Oil revenues are necessary to sustain Nigeria’s flailing federal budget, and another stalemate in the PIB would not have helped much. The five-chapter Act contains 319 sections on governance and institutions, petroleum administration generally, provisions about host communities, petroleum industry fiscal framework, and general provisions.

But, quite expectedly, or customarily, the law has set off a torrent of tantrums, threats and fears.

Strong words such as unjust, ruse, satanic have joined the new lexicon describing the Act, which has also been rejected by the governors of the 17 southern states.

In all, the level of tension generated by the PIA reflects the importance of oil to Nigeria’s economy.

Principally, it is Section 3 on host communities that has drawn the most flak from civil society organisations and host communities, or now oil bearing communities, which described the new law as “obnoxious and vexatious,” for “failing to address community, economic and environmental concerns.”

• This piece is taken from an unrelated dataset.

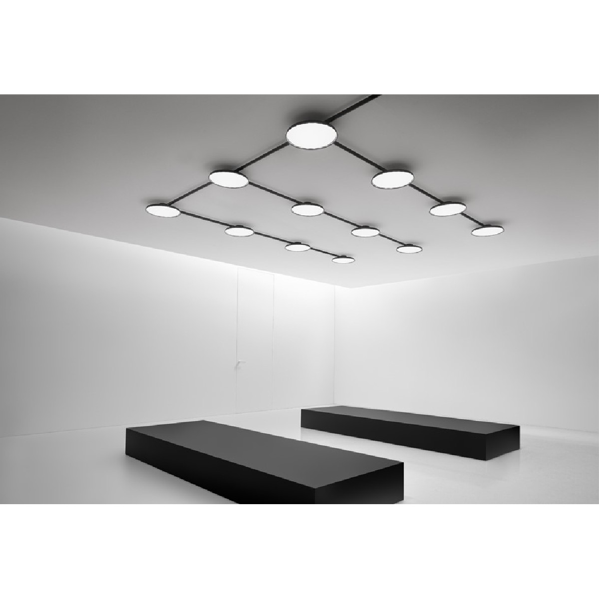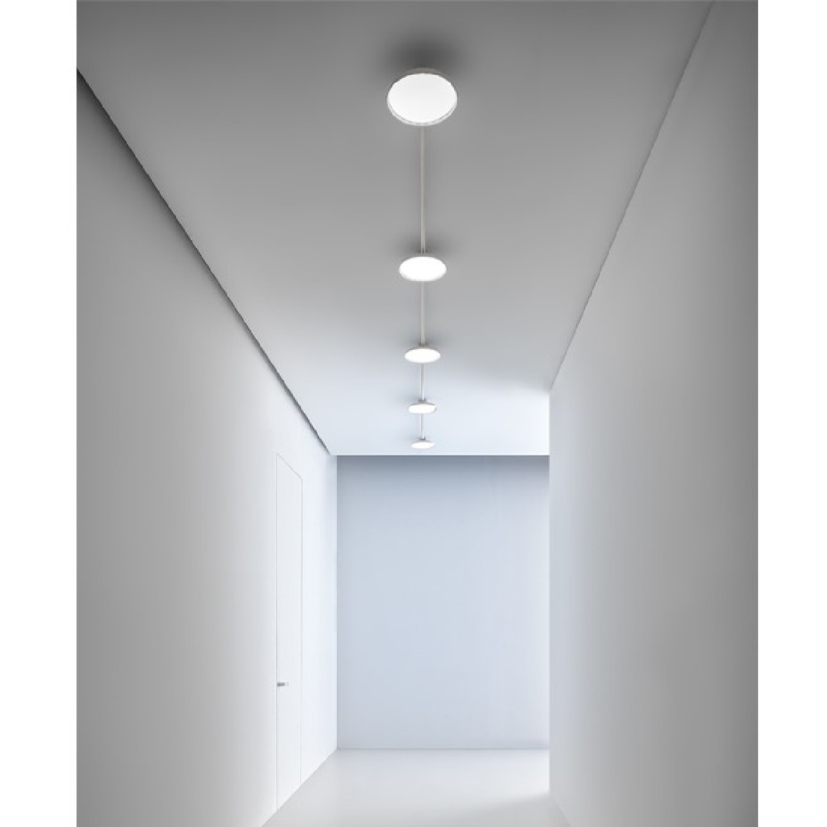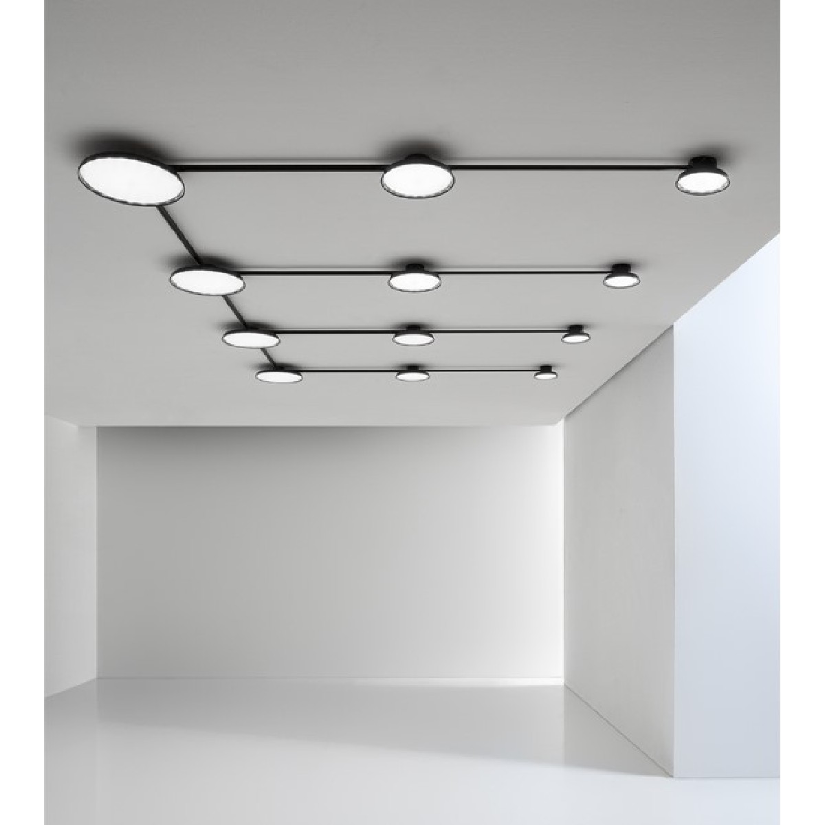 This interesting indoor system is an integration of the homonymous series. MYMOONS ceiling lamp or pendant become refined points of light inside the system and must be integrated with 16, 22 or 28 mm conduits , that do not require additional accessories for their connection. It is however necessary to specify, at the time of ordering , the rose output/s you intend to keep open for the conduits connection and its diameter. The available finishes are the enveloping matte white or the sophisticated matte black.

For such communities, the president failed to take his time to address all grievances steadfastly and diplomatically before assenting to the bill.

This, in some quarters, has been described as unnecessary bravado to score cheap political points.

The legal battle may soon begin, including threats of extra-legal measures the country can ill-afford at a time of heightened security challenges, industrial turmoil, instability and rising food prices.

We at Prime Business Africa believe that history and expert analysis trailing the PIA seem to support the reservations so far expressed by the oil-bearing communities.

For instance, the communities had sought a 10% equity share of profits accruing from oil and gas operations by the Nigeria National Petroleum Corporation (NNPC), though the House of Reps had approved 5%.

And in what has been described as robbing Peter to Pay Paul, the Act allocates 30% of the same profits for exploration of oil in “frontier basins.”